Suzigan et all (2005) propõem três tipos de clusters e três tipos de política pública associada. O primeiro deles é composto por pequenas e médias empresas que sobrevivem. Para esses, cuja importância maior do ponto de vista político é a preservação do emprego, o poder público deveria estimular a cooperação local, a formação de redes de relacionamento e o empreendedorismo. O segundo tipo de cluster é composto por empresas fabricantes de produtos diferenciados e em larga escala (produção em massa), cujas políticas necessárias deveriam guiar-se para atualização técnica e para a inovação. O terceiro tipo de cluster é composto por empresas multinacionais e por seus fornecedores. Neste caso, embora pareça menos necessário a política pública, há espaço para intervenções no sentido de redução das barreiras à exportação, barreiras temporárias de importação, auxílio na aquisição de know-how e estímulo para certificação de qualidade, além da mediação de conflitos entre as empresas locais e as instituições.

Sob a abordagem das estruturas de governança e das cadeias globais, a questão que se coloca é como promover estratégias locais de atualização se o cluster faz parte de uma

cadeia global de valor. As estratégias de atualização compreendem as esferas da produção, marketing e desenvolvimento – como design e marcas próprias. As intervenções do poder público deveriam, portanto, direcionar-se para criação de institutos locais de tecnologia que promovam atualizam na produção, criação de consórcios de exportação que consolidem e promovam a marca local etc. (Suzigan et al 2005).

No que se refere ao enfoque na geografia da inovação, Suzigan et al (2005) enfatizam a diferença entre informação e conhecimento, isto porque, embora na atual conjuntura mundial a informação seja facilmente acessível, a transmissão de novo conhecimento somente é viável em aglomerações (pela proximidade geográfica). O conhecimento inovativo, por ser complexo e tácito, tem sua transmissão por meio de contatos interpessoais, interações, mobilidade do trabalho entre as firmas etc. As recomendações de política para fins de viabilizar a produção e a disseminação de conhecimento, neste caso, deveriam estimular P&D local, capital de risco e criação de novas empresas.

Uma melhoria no sistema de transportes via de regra beneficia o cluster. Se um determinado setor está concentrado em uma região, isso significa que as vantagens de aglomeração superam os custos de transporte. Caso contrário o setor estaria mais distribuído no espaço. Assim, espera-se que o custo de transporte de um setor clusterizado seja maior do que dos setores dispersos. Logo, os setores clusterizados (independente do tipo) devem ter um benefício relativamente maior do que os demais em uma melhoria no sistema de transportes da região. No caso do corredor, possíveis clusters exportadores serão provavelmente os mais beneficiados. Portanto, o corredor de exportações provavelmente deve aumentar a concentração de determinados setores já aglomerados nas regiões por onde ele passa.

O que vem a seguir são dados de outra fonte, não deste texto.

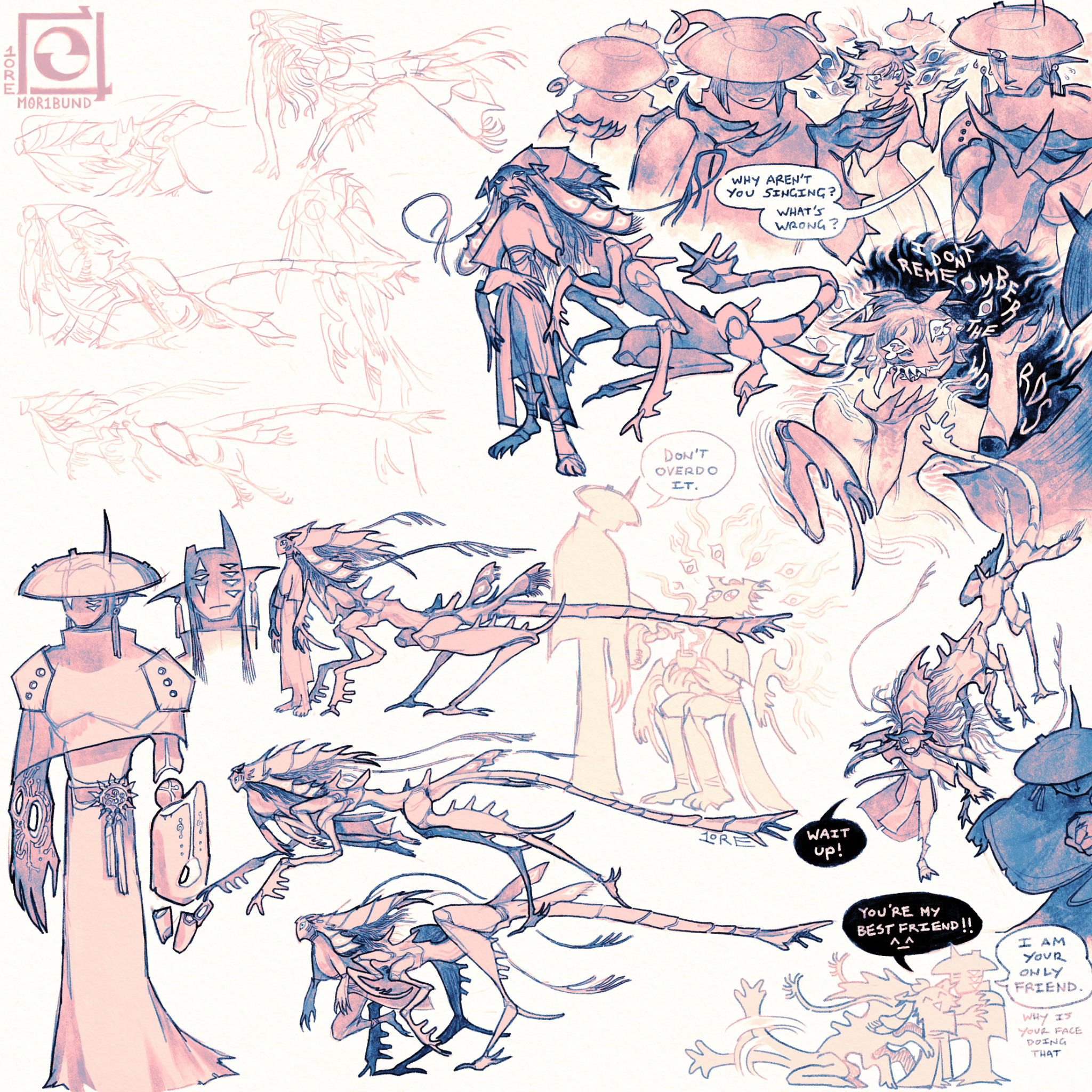 >>320017 While I've done a handful of unique individual mutants I always figured that most of the Solver's horror is about the annihilation of the individual. Unique creatures with their own personalities are the exception, the rule is a violent loss of physical and mental individuality, the experience of being eaten without ever fully dying from it. It would be the experience of being literally peeled apart and used as building material for something that is both distant and impersonal but simultaneously amused by your suffering.

Dentro desse quadro a questão que se coloca é: esse aumento de concentração é benéfico ou não? Se há ganhos de aglomeração, ou seja, se um aumento de concentração gera um aumento de produtividade provavelmente estaremos interessados em incentivar o cluster. O problema que se coloca, nessa situação, é que a política age no sentido de aumentar as disparidades regionais. É necessário pensar em formas de atenuar essa situação. Por outro lado, para os casos em que não se verificam mais ganhos de aglomeração em geral a política não deve incentivar o aumento da concentração setorial.

Na realidade, como discutido acima, a política pública direcionada para o incentivo de um cluster vai muito além da política de transportes ainda que essa tenha um papel crucial. O incentivo à cooperação, mudanças institucionais no que se refere às exportações, o apoio às pequenas e médias empresas, o treinamento da mão-de-obra entre outros são alguns dos exemplos de política desvinculada do sistema de transportes. Assim, o ideal seria coordenar a politica das diversas secretarias para obter uma combinação que potencialize os clusters que se pretende incentivar.